§ **Requirement**
Give all of the listing again word for word, with images excluded.

(Provided entries Opens)

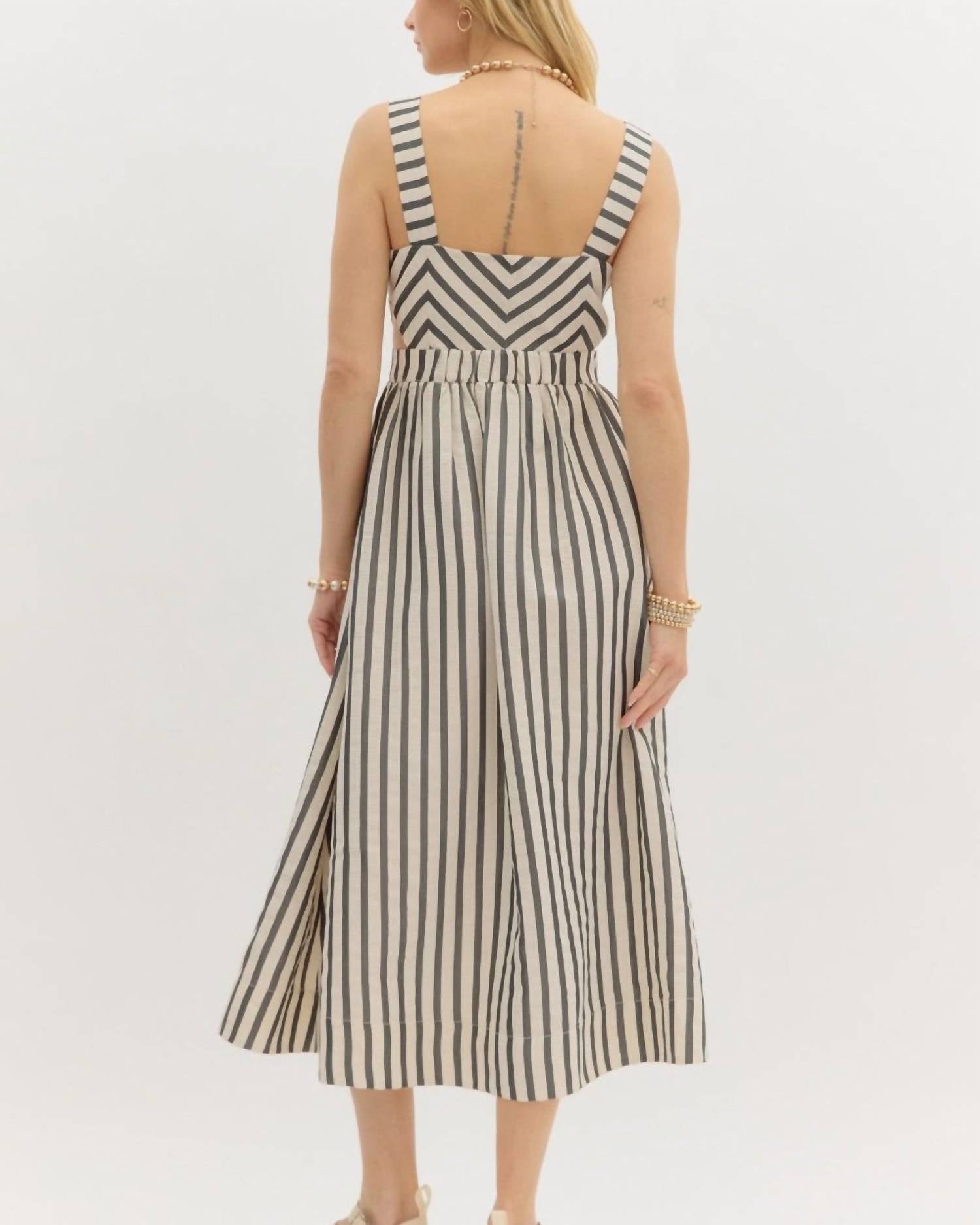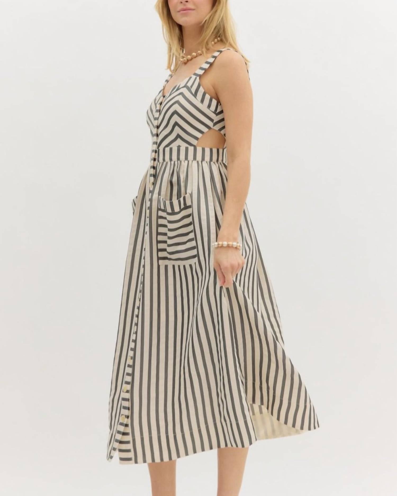 Just add slides or mules and you are good to go. The Stripe Midi Dress by Entro is a chic choice for any dinner party, featuring a sleeveless A-line silhouette in sophisticated black. Crafted from 100% Polyester, this dress boasts convenient pockets and a flattering V-neckline. Closure: Button closure. Perfect for spring workwear or elegant evenings out.
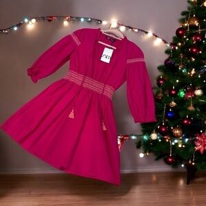 ZARA POPLIN DRESS WITH CONTRAST ELASTIC TRIM Pink NWT Woman’s si XS
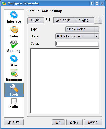This dialog sets the default tools settings. There are 5 tabs in this dialog.
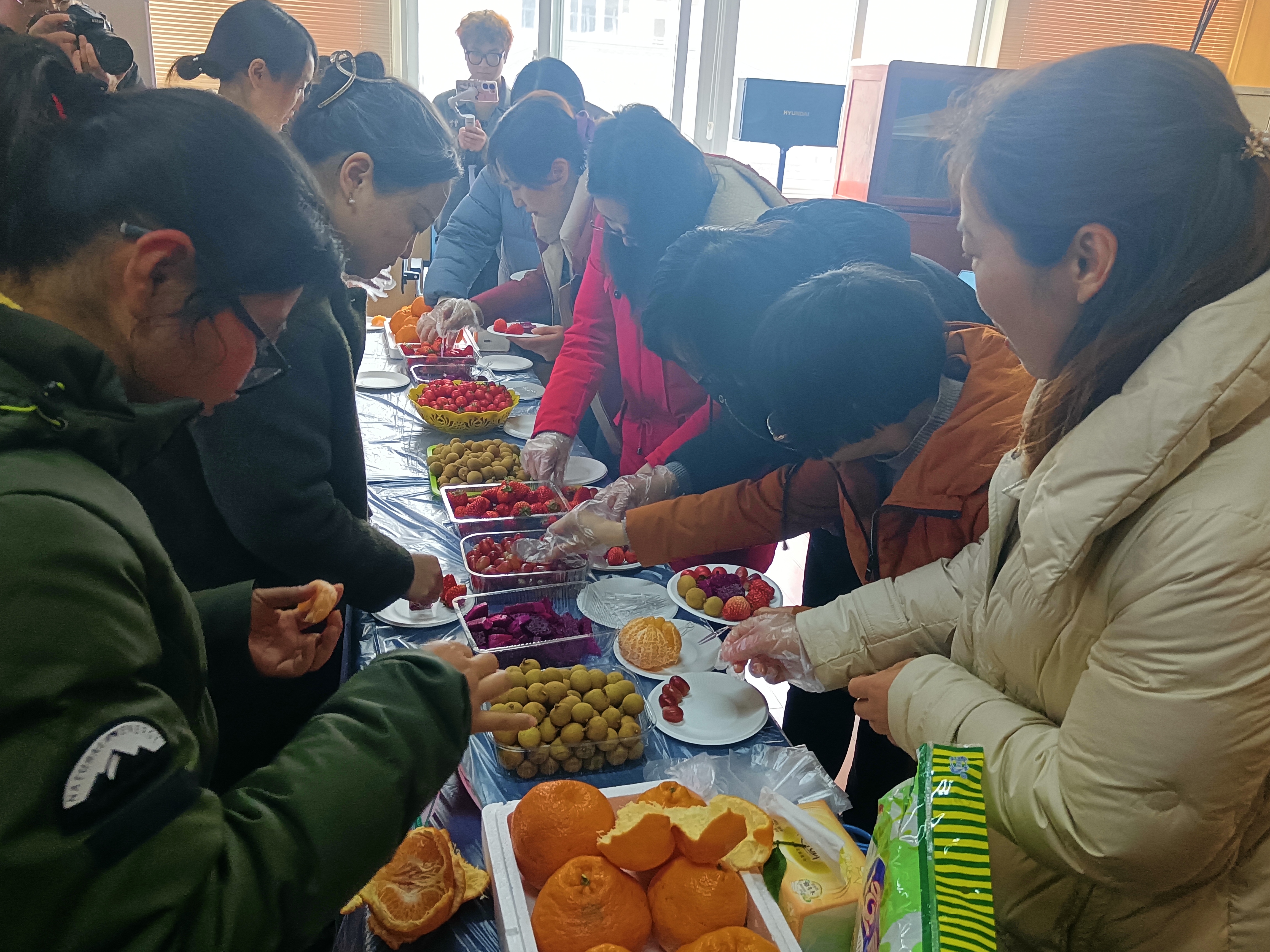 此次系列活动还进行了技能大比拼:插花折纸、水果拼盘、岩石鉴定等,女职工在欢声笑语中探讨手工技艺,大家边学边练,一支支花朵逐渐成型,让人感受到花草枝叶间的优雅与美丽。
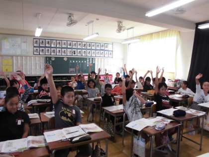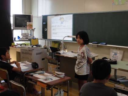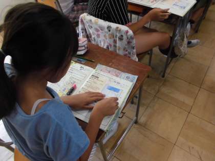 「身の回りの物や生活の場をみつめよう」をテーマに授業を行いました。普段の自分たちの部屋の中の状況を話題にして、散らかると困ることは何か、どう片づけたらいいのかというアイデアも出し合いました。机の中の道具箱を確認し、整理整頓もしてみました。ノートの付録につけられているシールを活用し、文房具の並べ方の工夫をしてみました。
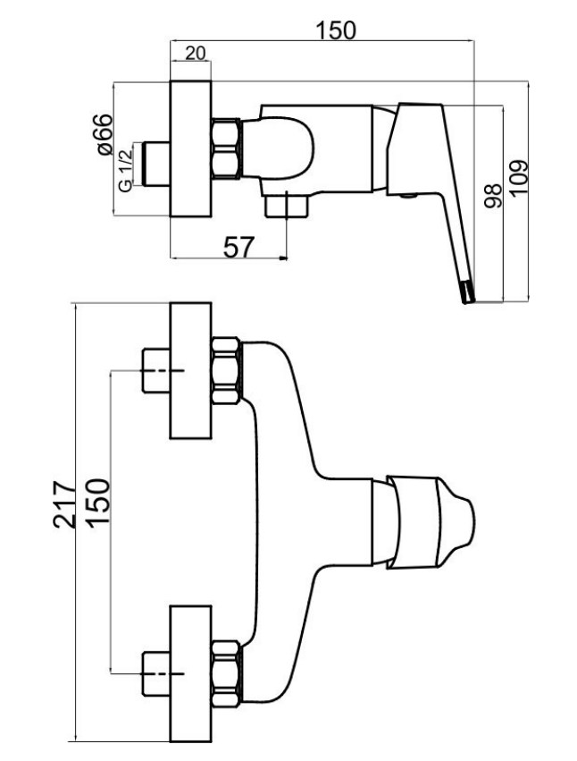Mitigeur de douche mural à levier sans ensemble de douche. En VOVO. Espacement du mitigeur 150 Mp.

(Provided entries Closes)

§ **Response to the task**
 Just add slides or mules and you are good to go. The Stripe Midi Dress by Entro is a chic choice for any dinner party, featuring a sleeveless A-line silhouette in sophisticated black. Crafted from 100% Polyester, this dress boasts convenient pockets and a flattering V-neckline. Closure: Button closure. Perfect for spring workwear or elegant evenings out.
 ZARA POPLIN DRESS WITH CONTRAST ELASTIC TRIM Pink NWT Woman’s si XS
This dialog sets the default tools settings. There are 5 tabs in this dialog.
 此次系列活动还进行了技能大比拼:插花折纸、水果拼盘、岩石鉴定等,女职工在欢声笑语中探讨手工技艺,大家边学边练,一支支花朵逐渐成型,让人感受到花草枝叶间的优雅与美丽。
 「身の回りの物や生活の場をみつめよう」をテーマに授業を行いました。普段の自分たちの部屋の中の状況を話題にして、散らかると困ることは何か、どう片づけたらいいのかというアイデアも出し合いました。机の中の道具箱を確認し、整理整頓もしてみました。ノートの付録につけられているシールを活用し、文房具の並べ方の工夫をしてみました。
Mitigeur de douche mural à levier sans ensemble de douche. En VOVO. Espacement du mitigeur 150 Mp.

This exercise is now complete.